Arm unveils its designs for the latest generation of ARM-based CPUs and GPUs. The Cortex brand name disappears and Mali also takes a back seat: from now on, prefer C1 and G1.
ARM specialist Arm launches new designs for mobile processors. Arm’s designs form the basis of many mobile chips and are integrated under license by companies including MediaTek. The announcements fall under the new Arm Lumex flag. That’s the name for designs tailored for mobile use. PC designs will fall under Arm Niva.
The CPU designs within Lumex were traditionally called Cortex, but Arm is now doing away with that. Cortex A9xx, Cortex-A7xx and Cortex-A5xx become ARM C1-Ultra, C1-Pro and C1-Nano. Together they fall under the C1 CPU cluster.
The CPUs are built on the Armv9.3 architecture. It goes without saying that Arm claims this architecture is focused on on-device AI. How relevant the AI capabilities are in practice remains to be seen. More important for the daily performance of mobile devices are the power and energy efficiency of the CPU cores.
Four New CPUs
The C1 cluster consists of four CPU types:
- C1-Ultra: The most powerful core in the series. According to Arm, this offers up to 25 percent better single-thread performance than the Cortex-X925, with improved IPC (instructions per cycle), and optimizations in memory management and branch prediction.
- C1-Premium: 35 percent smaller than C1-Ultra, but with comparable performance on benchmarks. Focused on efficiency within a smaller footprint. This chip is new and doesn’t directly replace a Cortex CPU.
- C1-Pro: This chip is optimized for better performance per watt. Arm claims up to sixteen percent improvement in gaming and up to twelve percent energy savings in browsing and video.
- C1-Nano: This is the most compact core, designed for wearables and energy-efficient devices. Arm states that the chip is up to 26 percent more efficient than the Cortex-A520, while maintaining performance.
AI Sauce
Arm points out that all C1 CPUs are equipped with Scalable Matrix Extension 2 (SME2): a built-in AI accelerator. SME2 accelerates matrix operations and allows AI models to run locally without additional programming work, provided there’s support from popular AI frameworks such as Google LiteRT or ONNX Runtime.
Thanks to SME2, partners see, according to Arm:
- Up to 4.7 times faster performance on speech models like Whisper.
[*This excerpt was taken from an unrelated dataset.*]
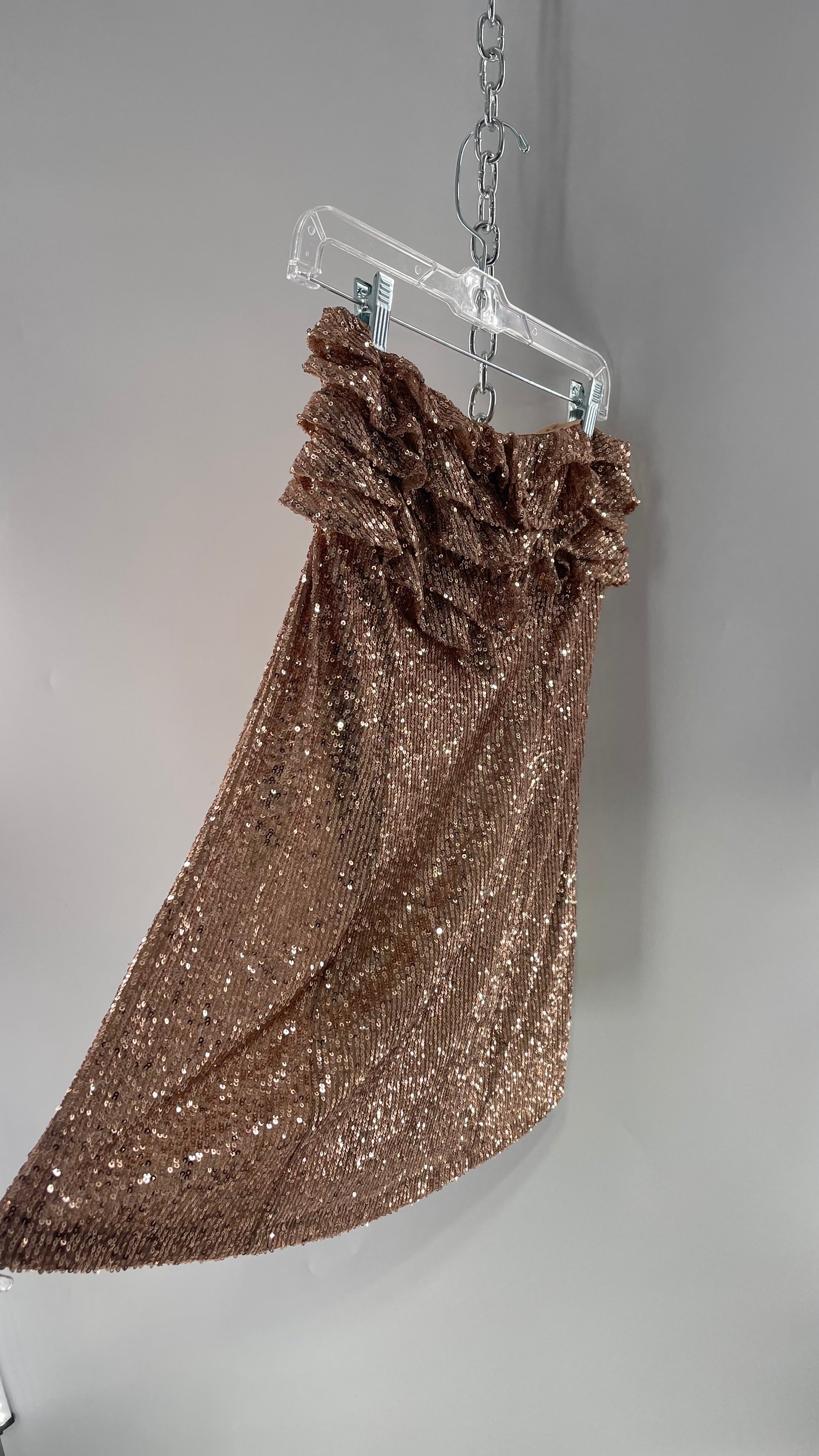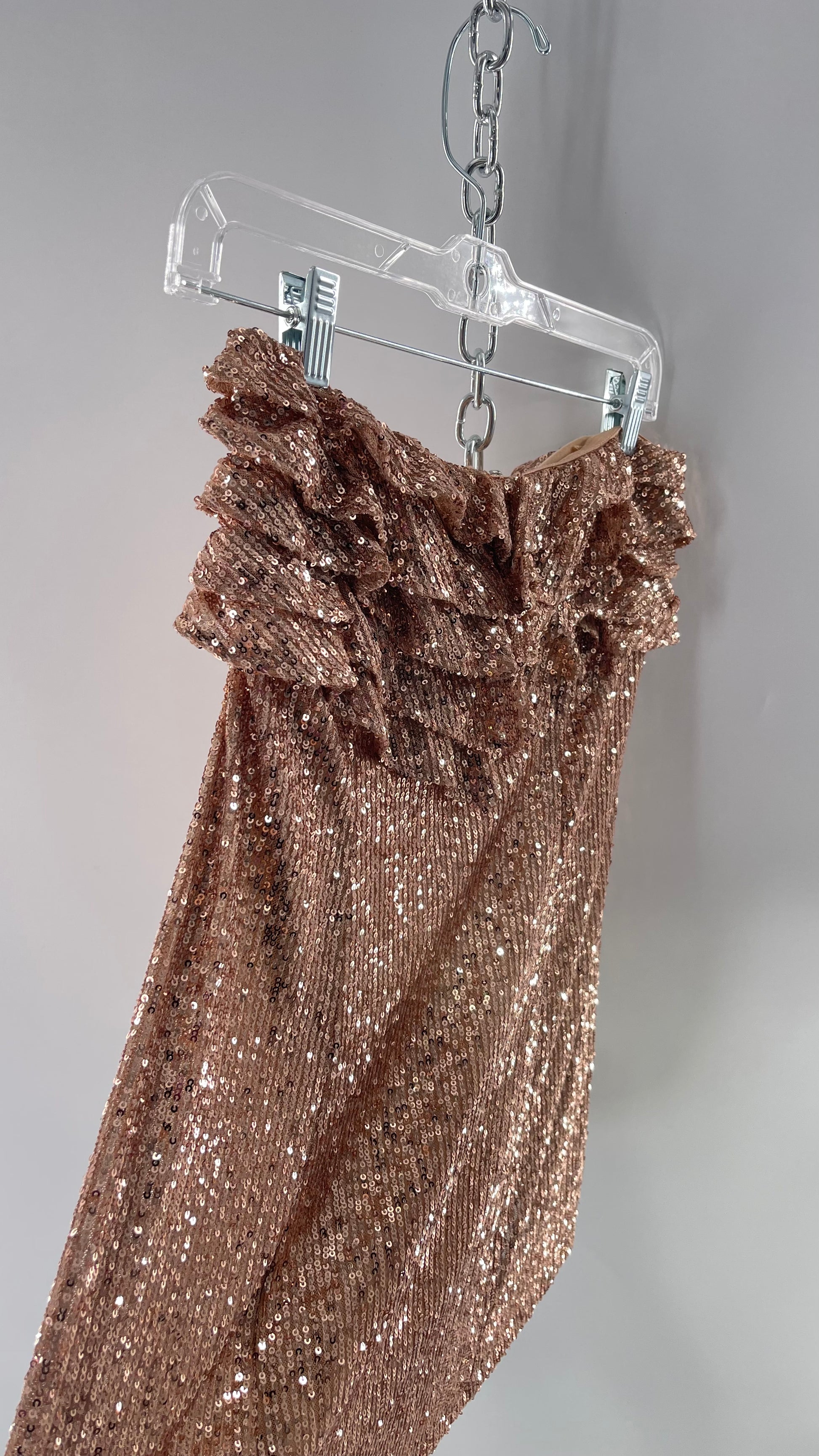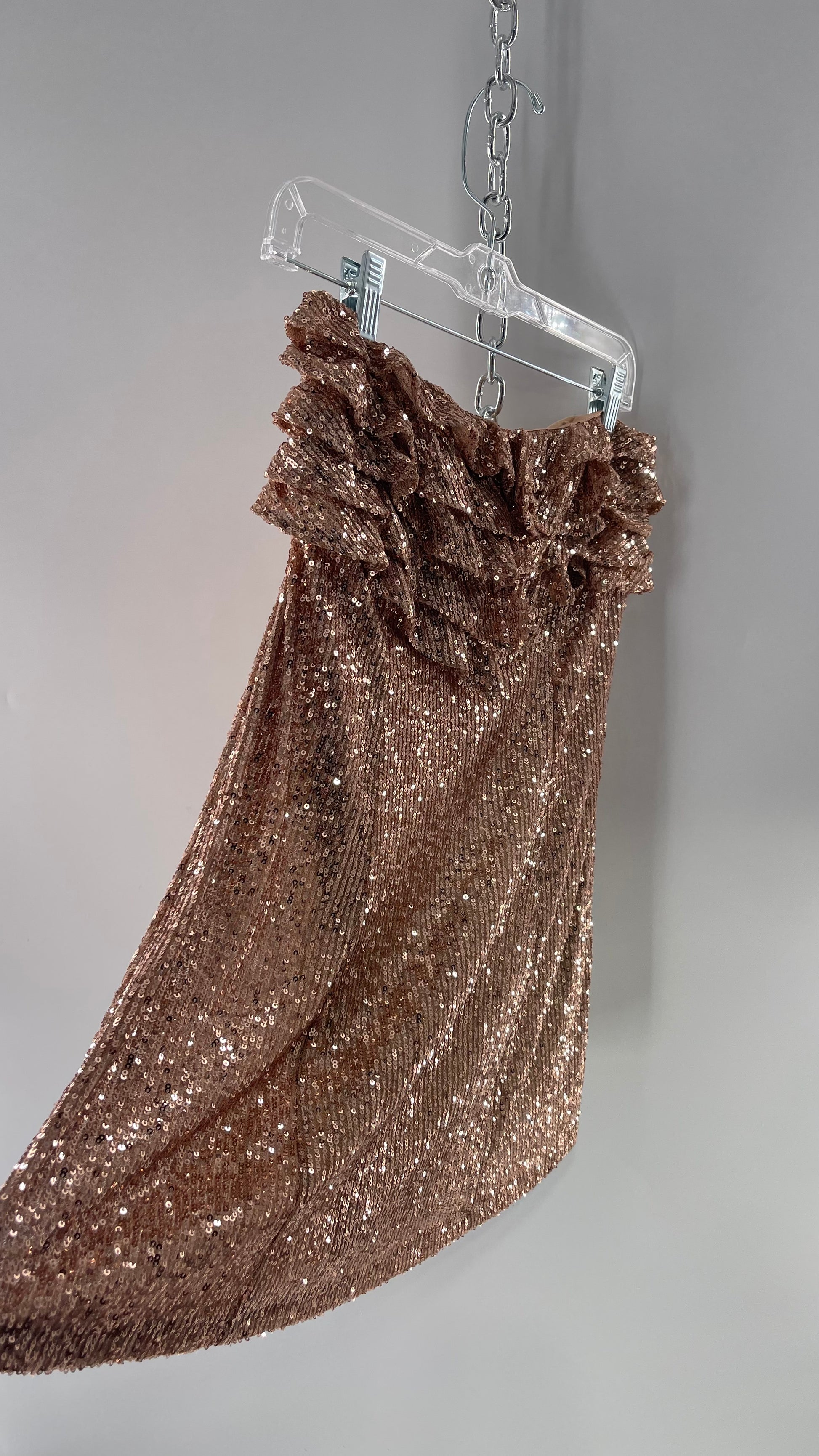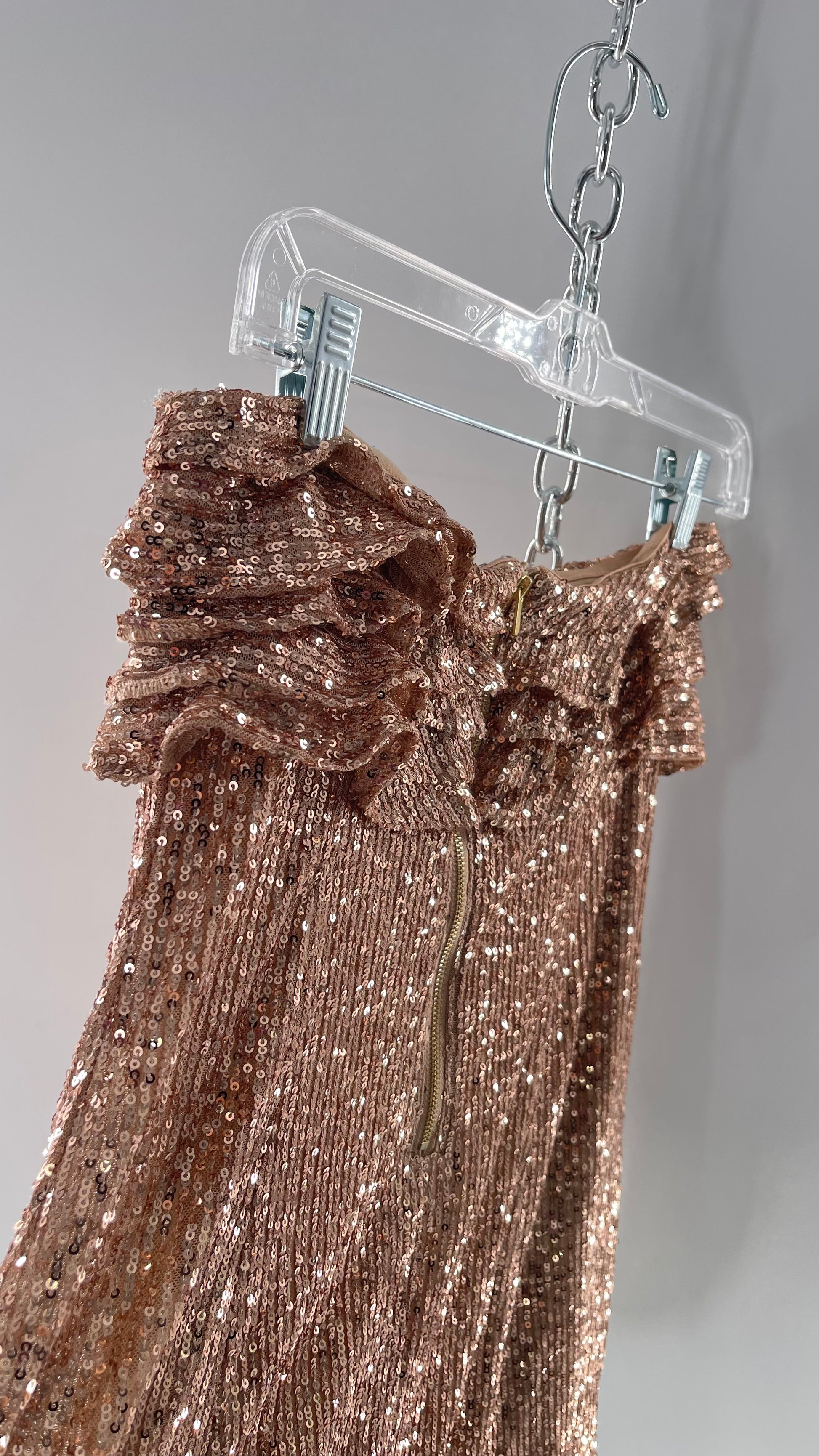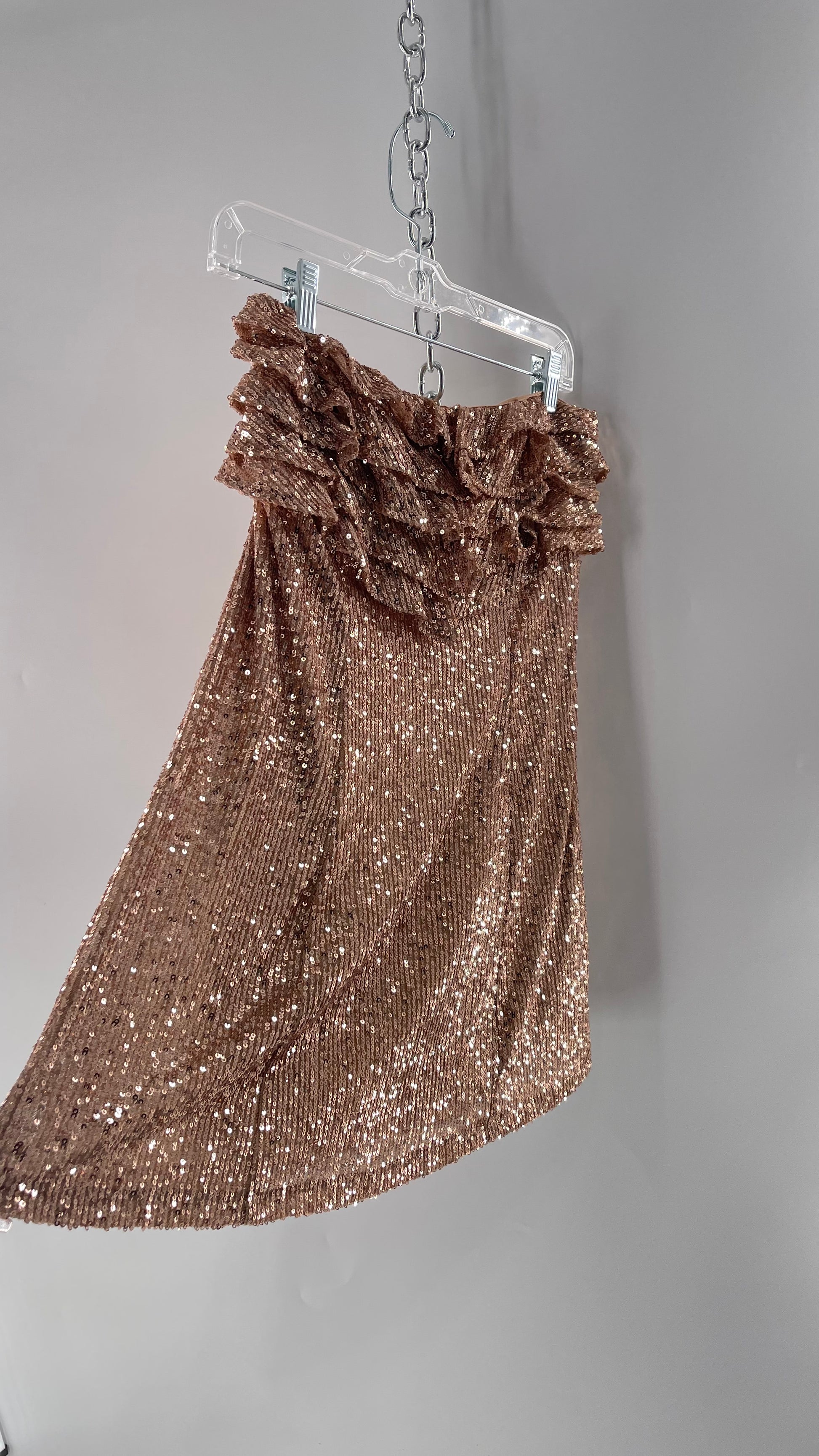 Free People Rose Gold Sequin Mini Dress with Ruffled Bust and Statement Back Zipper (4)

- 2.8 times faster audio generation via models like Stable Audio.
- Better AI responsiveness in multimodal apps and camera inference.
The C1-DSU – the shared control center of the cluster – supports scalability tailored to different types of devices. For example, chip builders can deploy a combination of C1-Pro and C1-Nano for midrange smartphones with AI functionality.

Mali Takes a Back Seat
Parallel to the new CPU series, Arm launches the Mali G1 GPU family, with the G1-Ultra as the top model. Mali is thus retained, but Arm aligns the GPU naming more clearly with that of the CPU, with G1 and C1 as GPU and CPU partners of the same generation.
The new GPU builds on the fifth generation Arm GPU architecture and offers improvements in both gaming and AI performance.
Even more AI
The G1-Ultra contains the RTUv2, a renewed ray tracing unit that delivers up to 2x better ray tracing than the previous generation Immortalis-G925. In graphical benchmarks, Arm itself sees an average 20 percent performance gain, and for AI tasks up to twenty percent faster inference via new FP16 matrix paths.
The GPU also supports new AI applications, such as object recognition and image enhancement, with up to 104 percent faster processing for some workloads. Developers can utilize these capabilities through improved tooling and support for Arm’s own upscaling technology (Arm ASR), available in Unreal Engine 5, among others.
Besides the Ultra variant, there are also G1-Premium and G1-Pro, with scalable performance for other segments. Chip manufacturers can choose between 1 and 24 shader cores depending on the intended device type.
Manufacturers to Take Action
With the C1 CPUs and G1 GPUs, Arm aims to provide its customers with designs for mobile devices that process AI locally and run demanding games smoothly, without excessive energy consumption. The extent to which these local AI capabilities are also relevant alongside AI in the cloud will depend on the implementation by smartphone manufacturers. The new hardware will appear in the coming generations of smartphones and other mobile devices.